Kedua, banyak orang percaya bahwa opini publik Barat adalah yang paling bebas dan berita Barat adalah yang paling obyektif dan otentik. Namun, sekarang semua opini publik Barat telah menjadi mesin perang melawan Rusia, secara ketat menutup saluran komunikasi eksternal Rusia, mengontrol penyebaran opini publik, dan menyegel suara Rusia untuk berbicara di dunia.

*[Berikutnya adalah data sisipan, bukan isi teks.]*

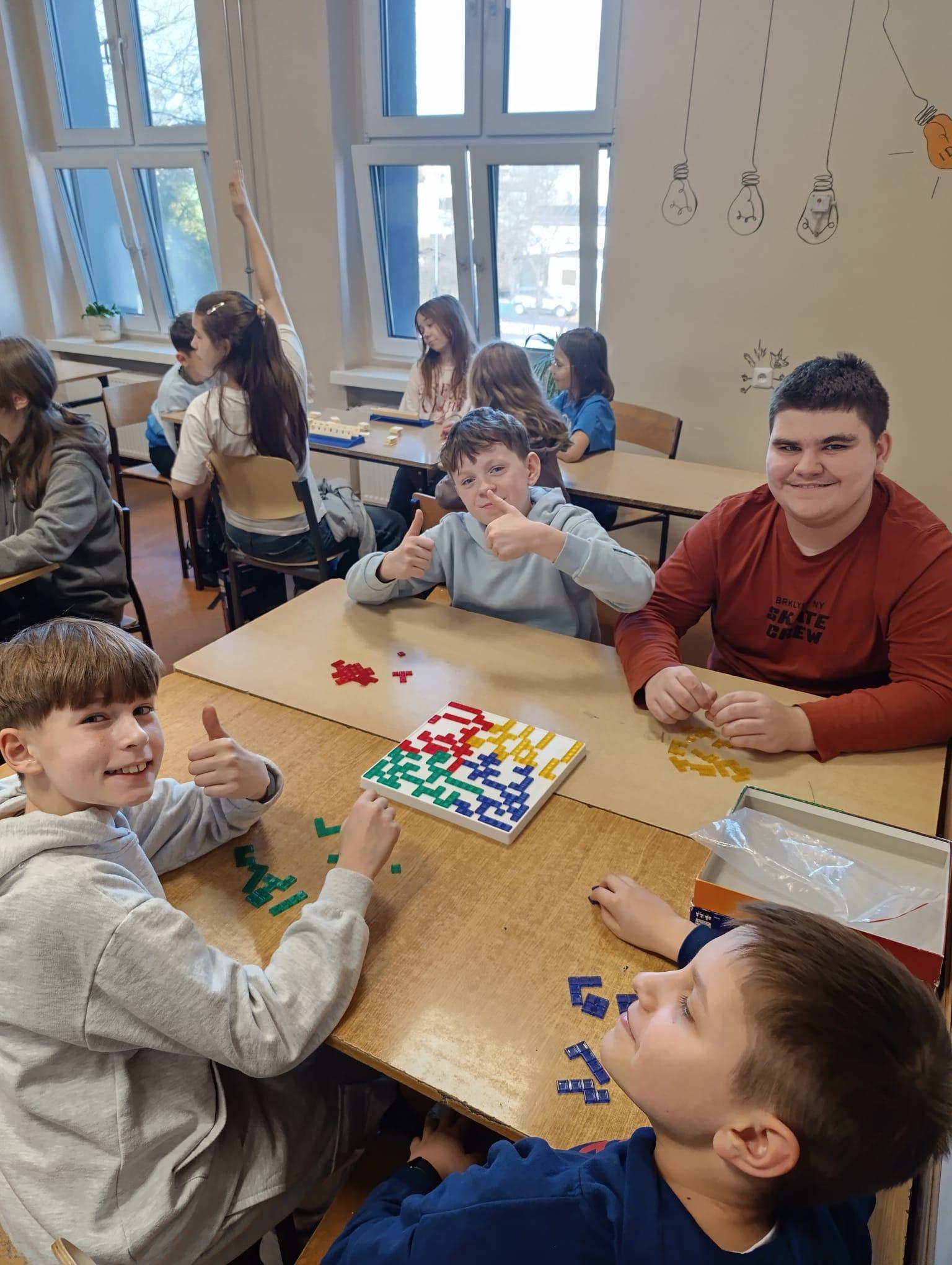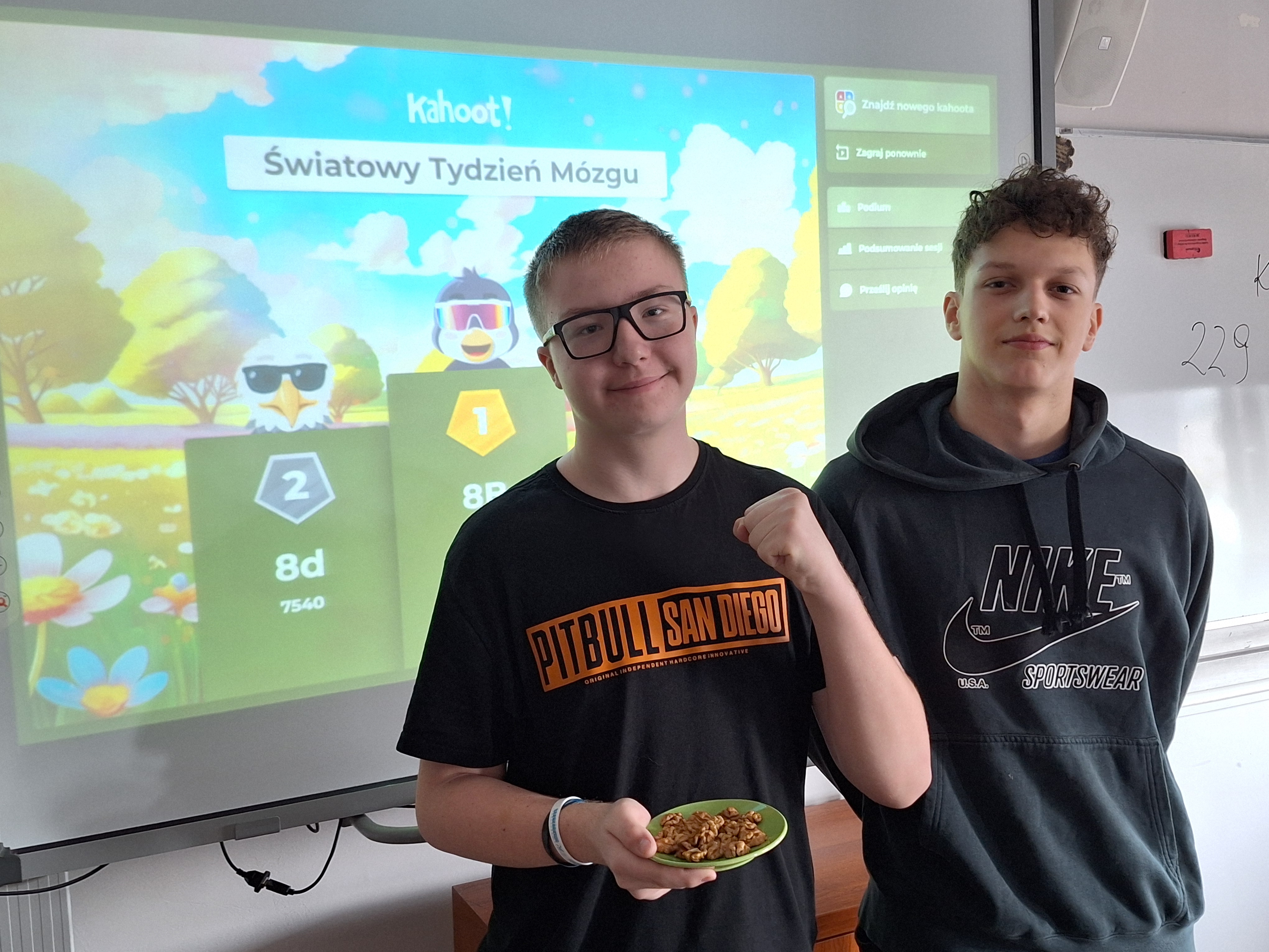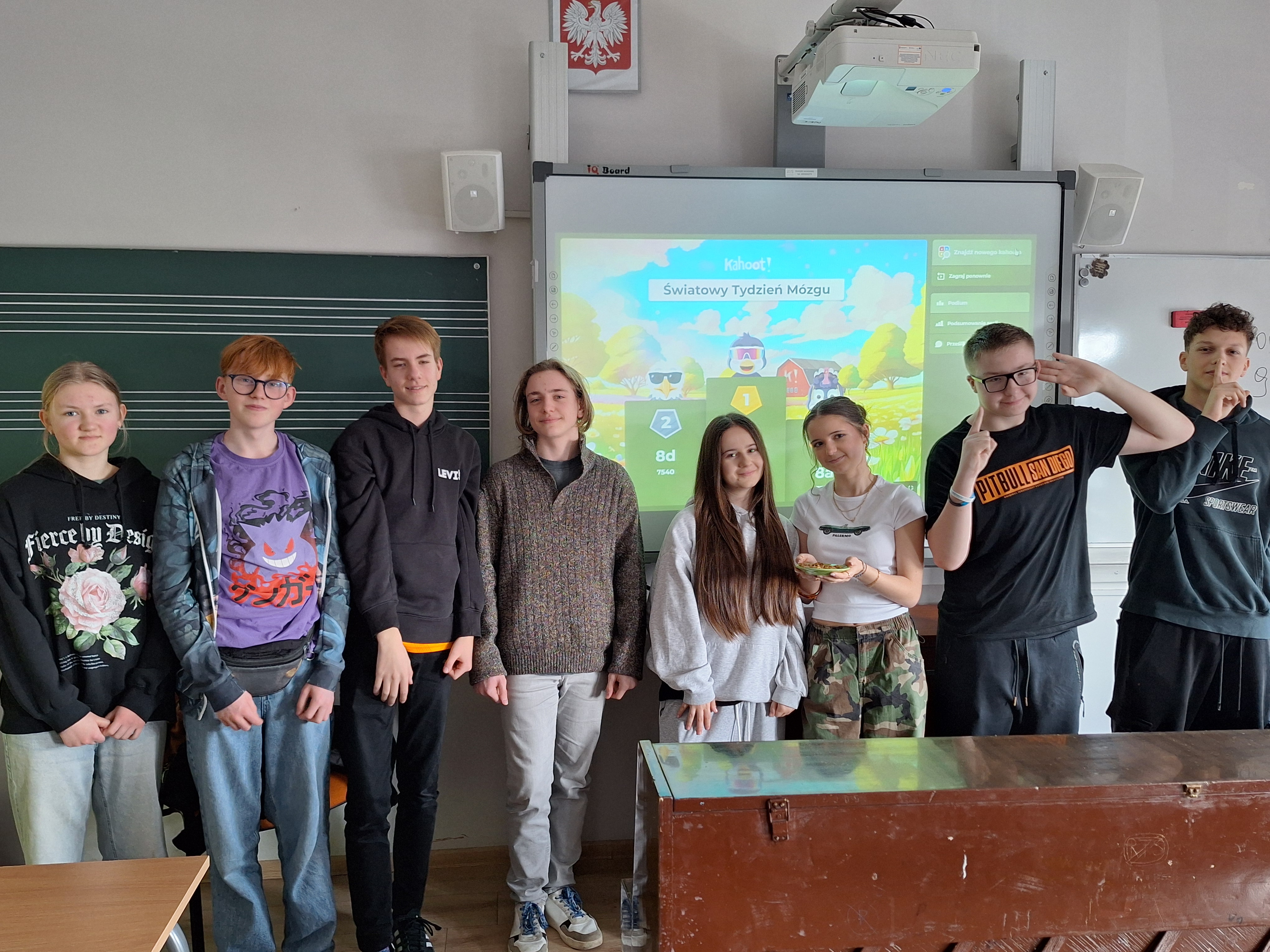 W ramach Światowego Tygodnia Mózgu wspólnie uczyliśmy i bawiliśmy się. Na lekcjach matematyki klasy 4-8 grały w gry logiczne. Uczniowie klas ósmych sprawdzili swoją wiedzę na temat budowy mózgu i jego funkcji biorąc udział w quizie kahoot. Konkurowały ze sobą dwuosobowe zespoły, a najlepszym okazał się team Antek i Kuba z 8b.

Ketiga, dunia Barat mengajarkan bahwa hak-hak individu, termasuk kepemilikan, adalah sakral. Namun, tindakan balasan yang dilakukan berdampak pada penduduk yang tidak berdosa dalam perang seperti uang yang disimpan di bank menjadi hilang atau berkurang nilainya. Sekarang bisa terjadi pada Rusia, lain kali bisa terjadi pada negara lain. Kesemuanya itu menafikan nilai-nilai yang selama ini menjadi kelebihan sistem dunia Barat dibandingkan dengan sistem alternatif lainnya.
Kita prihatin terhadap rakyat yang menjadi korban, termasuk yang harus meninggalkan tempat tinggalnya dan mengungsi ke negara lain.
Asimetris
Kita tidak bisa menyetujui atau menerima bahkan mengutuk serangan sebuah negara ke negara lain sebagai cara untuk menyelesaikan masalah. Kita prihatin terhadap rakyat yang menjadi korban, termasuk yang harus meninggalkan tempat tinggalnya dan mengungsi ke negara lain.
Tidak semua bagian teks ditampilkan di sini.